• _What to work on_
Output the lines from the one holding "ROLD is a company" to the end of the entries that follow, exactly and only those, minus any pictures.
Records for this task START
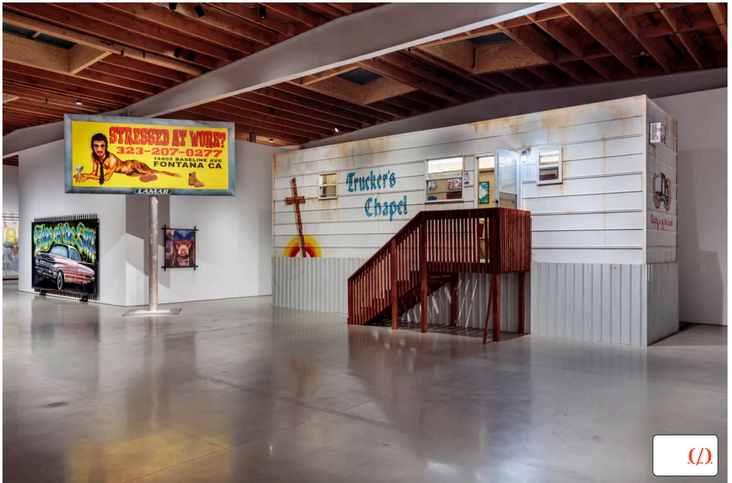
Installation view of "At the Edge of the Sun," 2024, at Jeffrey Deitch, Los Angeles.
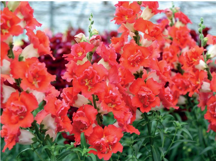
DoubleShot™ Orange Bicolor
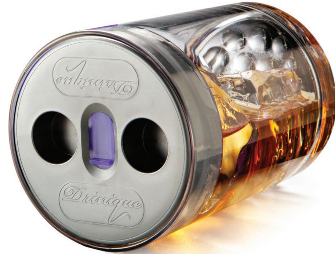
CLASSIC PINT 16 oz.

The CLASSIC Collection of drinkware has all the features of the Elite Collection with the addition of Drinique's patented lid system. Just twist in a colorful lid (it also doubles as a coaster), and spills are instantly prevented. Plus, drinks stay colder longer – perfect for pools, patios, boats, RV's and more. Kids love them too!
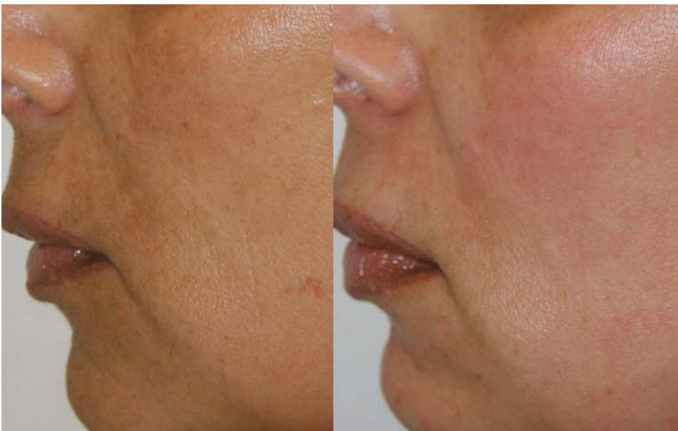
Picture 2: A 41 yr old patient with a Mediterranean skin and moderate sun damage. Left picture before treatment. Right picture 3 months after treatment. Notice the improvement in skin texture and colour. The fine wrinkles are almost erased from the cheek.

Some examples of the results are visible pictures number 2 and 3.
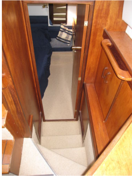
Steps to Aft Cabin
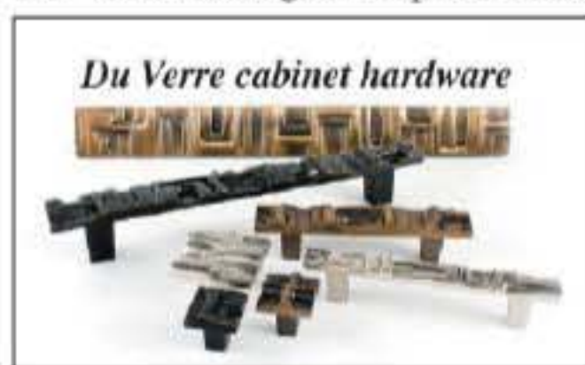
Du Verre cabinet hardware

Earthy textures lay a new foundation for warmth and coziness in the home. Think of trying textures in unusual places, such as hardware on a piece of furniture or hanging knobs on the wall for a quick towel holder. Du Verre's designer-inspired lines
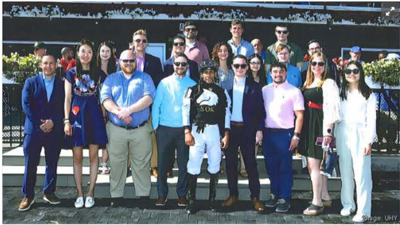
UHY is one of the 2025 Best Places to Work in the large companies category. UHY
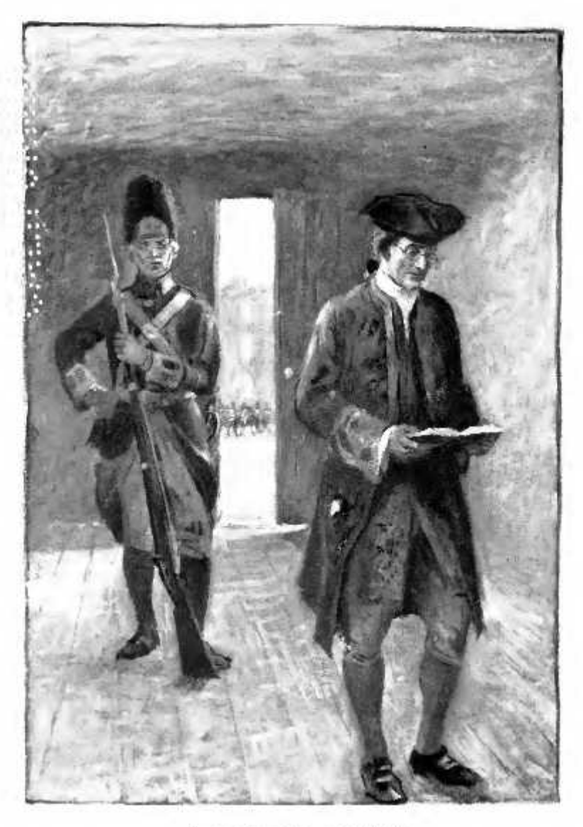
He was past the sentry now.
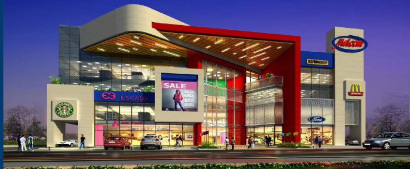
MELCOM MALL DZORWULU
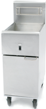
SR114E Shown with optional casters.
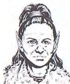
By Larry Elmore, from "Dragons of Hope"

Most people not only don't understand Kender but don't want to know them. This is often due to their basic personality traits: fearlessness, unbelievable curiosity, irresistible mobility, independence and the need to pick up anything not screwed down (unless they have a screwdriver, in which case...)
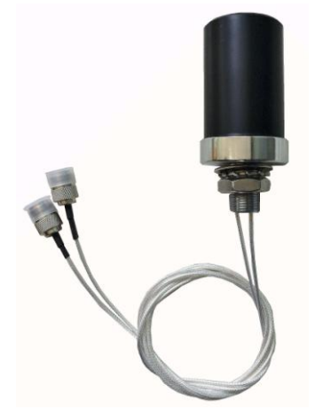
Note: The picture is for reference only, please kindly consult with the real product.
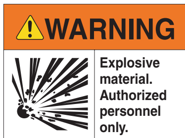
3,400 Predefined Safety Signs
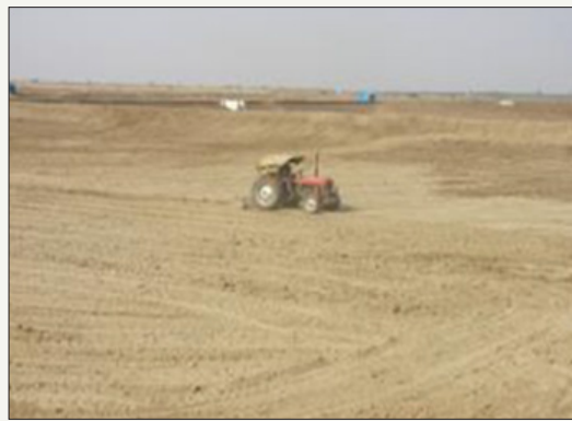
Figure 8: Compaction at pond preparation.
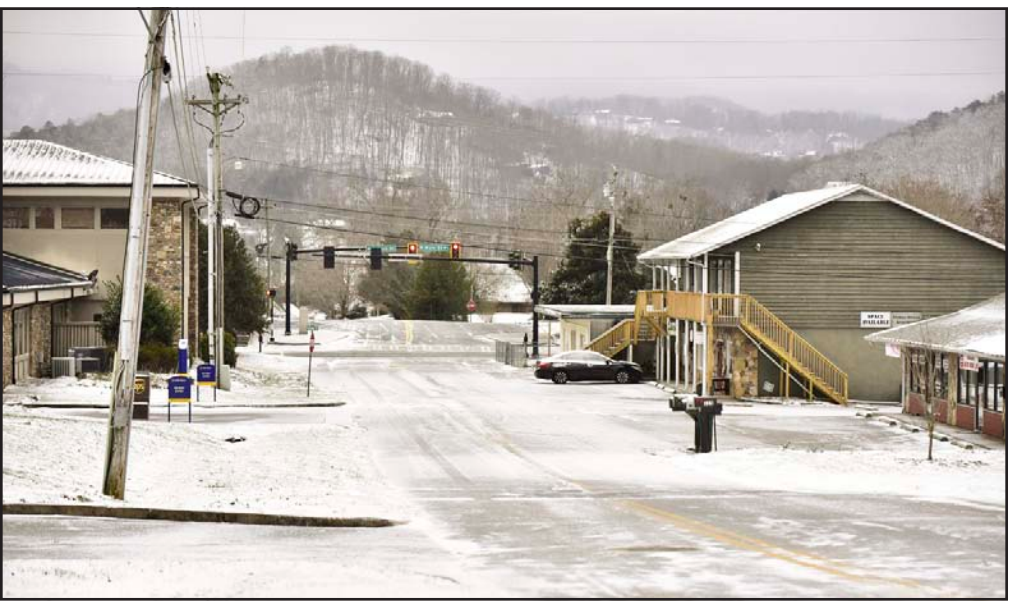
Towns County was fortunate to have been spared a major snow event, though plenty of side roads were slick enough to keep many people home Monday morning.

great job, but the biggest thing is, we were very fortunate that Towns County Schools announced Monday that, due to inclement weather, students in the system would be hav-Out of an abundance of ing an online learning day for
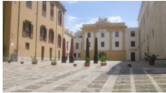
Fig 11: Typical “piatza” of Palermo
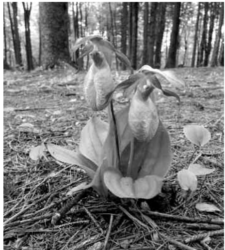
Pink lady's-slippers ( Cypripedium acaule )
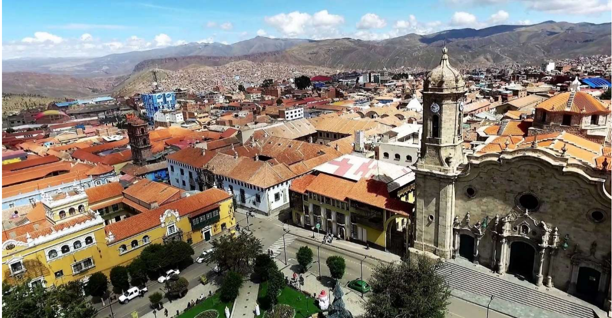
San Luis de Potosi

Highlights • La Paz • Moon Valley • Witches Market • Copacabana • Isla del Sol • Fountain of Youth • Los Yungas • Cochabamba • Tarata • Torotoro National Park • El Vergal Falls • Dinosaur Treks • Umajalanta • City of Itas • Sucre • San Luis de Potosi • Uyuni Salt Flat • Train Graveyard • Colchani • Incahuasi Island • Volcano Tunupa • Cave Mummies • Valley of the Rocks • Small Lagoons • Red Lagoon.
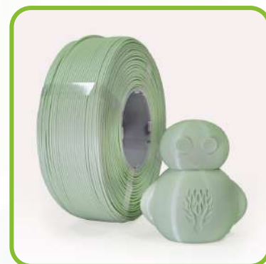
Mint Green LTP01D00K12
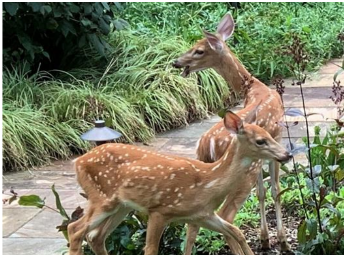
Fawns in Clayton's front yard.
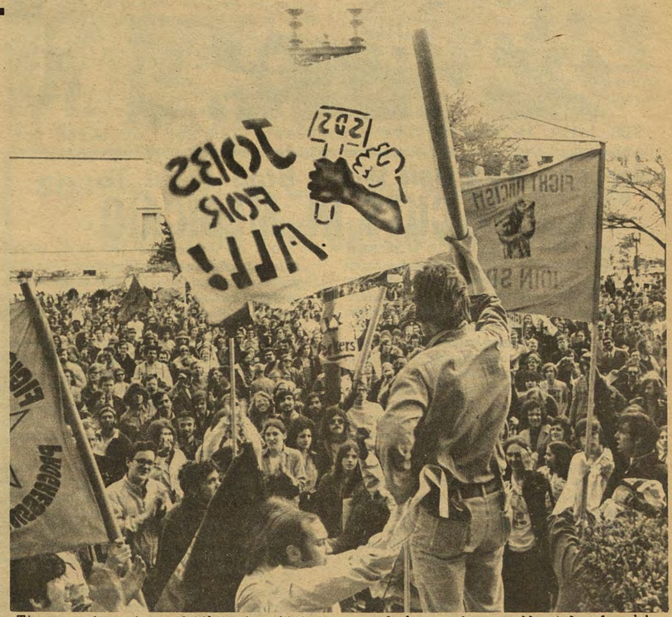
Thousands rejected liberal politicians and the racist, sellout leadership of SMC-NPAC at SDS breakaway demonstration in Washington April 24.

Because of the action at Route 1, the National Guard and police dogs began to sweep the campus and martial law was declared. At about 8 a.m. (continued from Page 12)
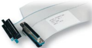
Figure 10. R6868 Ribbon I/O Cable
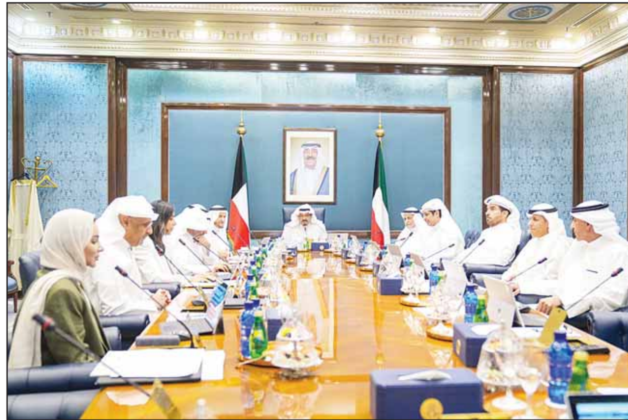
Cabinet meeting in session at Seif Palace, under the chairmanship of His Highness the Prime Minister Sheikh Ahmad Abdullah Al-Ahmad Al-Sabah.

Moreover, the Cabinet was briefed on the report of the National Committee for Anti-Money Laundering and Combating Terrorist Financing regarding the recommendations submitted by the Financial Action Task Force for the Mutual Evaluation of Kuwait (FATF).
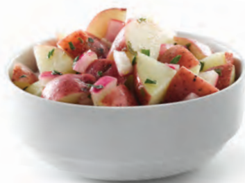
HOT TARRAGON POTATO SALAD (GLUTEN FREE)* Made with MINOR'S Natural Gluten Free Chicken Base.
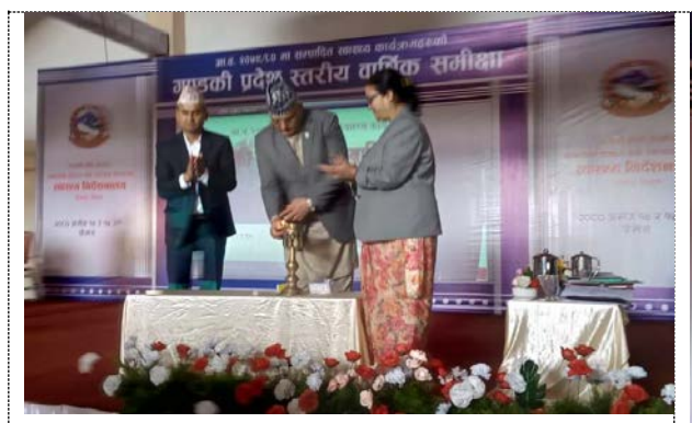
Photo Details: Hon. Chief Minister inaugurating Provincial annual health review meeting
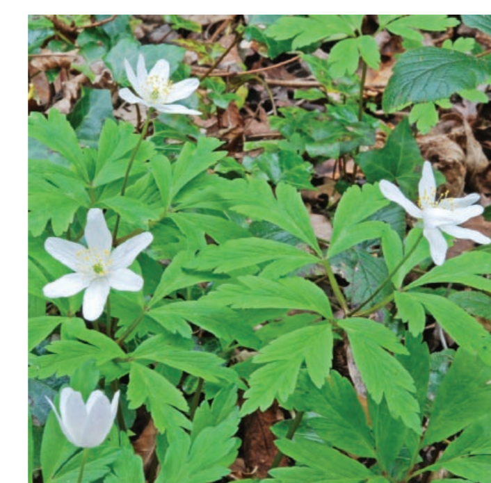
Lus na Gaoithe Wood Anemone
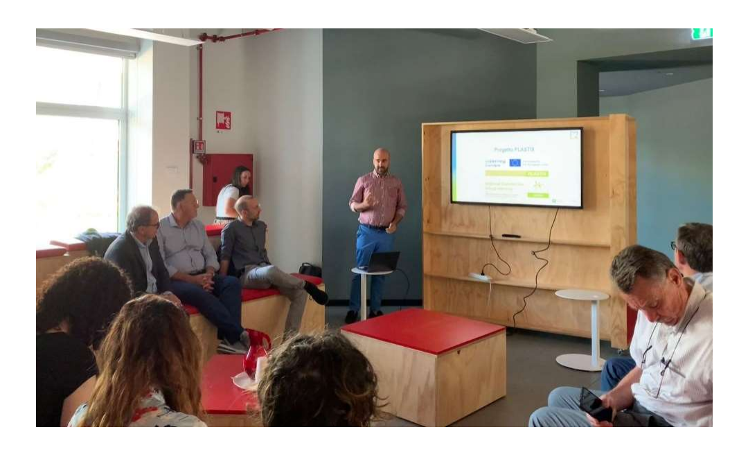
Figure 1. AFIL's Strategic Community on Advanced Polymers at ROLD in July 2023

ROLD is a company based in Nerviano, in the province of Milan, which has been producing innovative and technological components for household appliances for over sixty years. It has 230 employees and a turnover of 40 million Euros. Among its clients, there are major players of the so-called "White Goods" industry, such as Whirlpool, LG, Bosch and Electrolux. ROLD's products include innovative locking systems, smart sensors, modular encoders, microswitches and push-push switches.
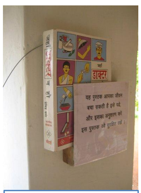
Book "Where there is no doctor" In public places, hospitals, chai shops, ashrams. The access to health information is highly appreciated.

Condom Box (free of cost condoms) The condoms are available in the female and male department of the toilet complex. So a dignified access is guaranteed.
Records for this task END
• _The completed task_
ROLD is a company based in Nerviano, in the province of Milan, which has been producing innovative and technological components for household appliances for over sixty years. It has 230 employees and a turnover of 40 million Euros. Among its clients, there are major players of the so-called "White Goods" industry, such as Whirlpool, LG, Bosch and Electrolux. ROLD's products include innovative locking systems, smart sensors, modular encoders, microswitches and push-push switches.
Book "Where there is no doctor" In public places, hospitals, chai shops, ashrams. The access to health information is highly appreciated.

Condom Box (free of cost condoms) The condoms are available in the female and male department of the toilet complex. So a dignified access is guaranteed.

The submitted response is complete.